**EXERCISE BRIEF:** Omit all images, then repeat exactly the lines below from the one containing "Chemotherapie bevordert uitzaaiingen" through the one containing "Декоративный чехол для", both ends included.

**DATA EXTRACTS:**
------------------------

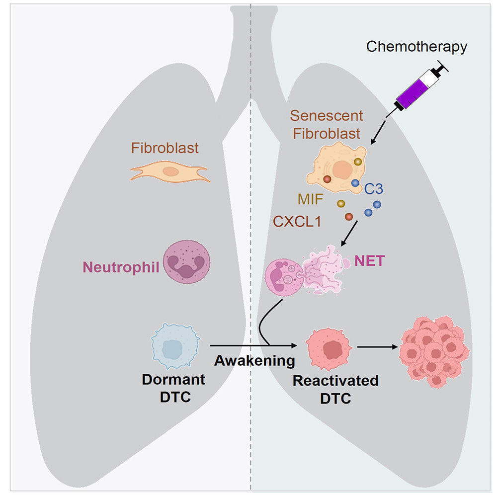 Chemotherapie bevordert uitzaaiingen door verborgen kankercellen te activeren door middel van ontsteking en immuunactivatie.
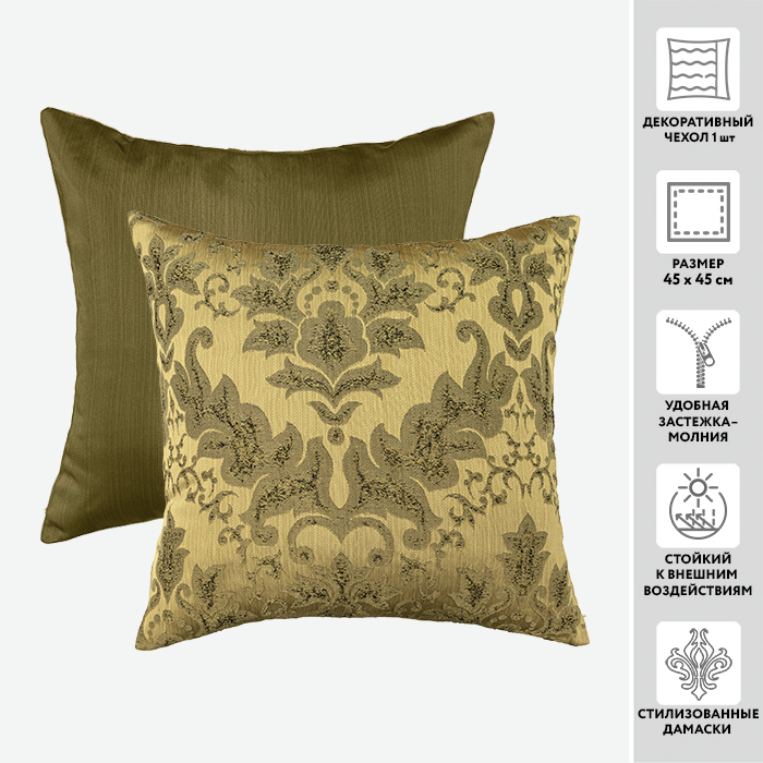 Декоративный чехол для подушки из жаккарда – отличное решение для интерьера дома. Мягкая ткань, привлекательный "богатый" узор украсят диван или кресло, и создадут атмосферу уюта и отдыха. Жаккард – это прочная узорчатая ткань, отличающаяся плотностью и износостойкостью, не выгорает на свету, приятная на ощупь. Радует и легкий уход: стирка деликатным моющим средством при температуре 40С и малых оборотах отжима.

------------------------

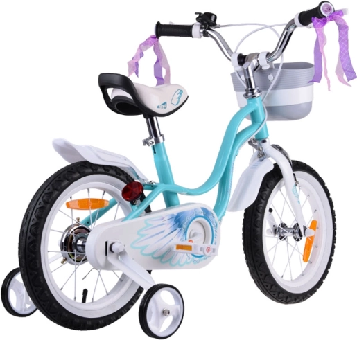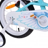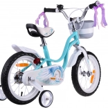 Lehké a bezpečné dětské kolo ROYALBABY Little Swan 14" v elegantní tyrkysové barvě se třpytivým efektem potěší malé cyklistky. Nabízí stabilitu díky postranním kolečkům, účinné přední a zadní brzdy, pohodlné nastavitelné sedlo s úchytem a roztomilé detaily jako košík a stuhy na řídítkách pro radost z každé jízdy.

------------------------

**SOLUTION TO THE PROBLEM:**
 Chemotherapie bevordert uitzaaiingen door verborgen kankercellen te activeren door middel van ontsteking en immuunactivatie.
 Декоративный чехол для подушки из жаккарда – отличное решение для интерьера дома. Мягкая ткань, привлекательный "богатый" узор украсят диван или кресло, и создадут атмосферу уюта и отдыха. Жаккард – это прочная узорчатая ткань, отличающаяся плотностью и износостойкостью, не выгорает на свету, приятная на ощупь. Радует и легкий уход: стирка деликатным моющим средством при температуре 40С и малых оборотах отжима.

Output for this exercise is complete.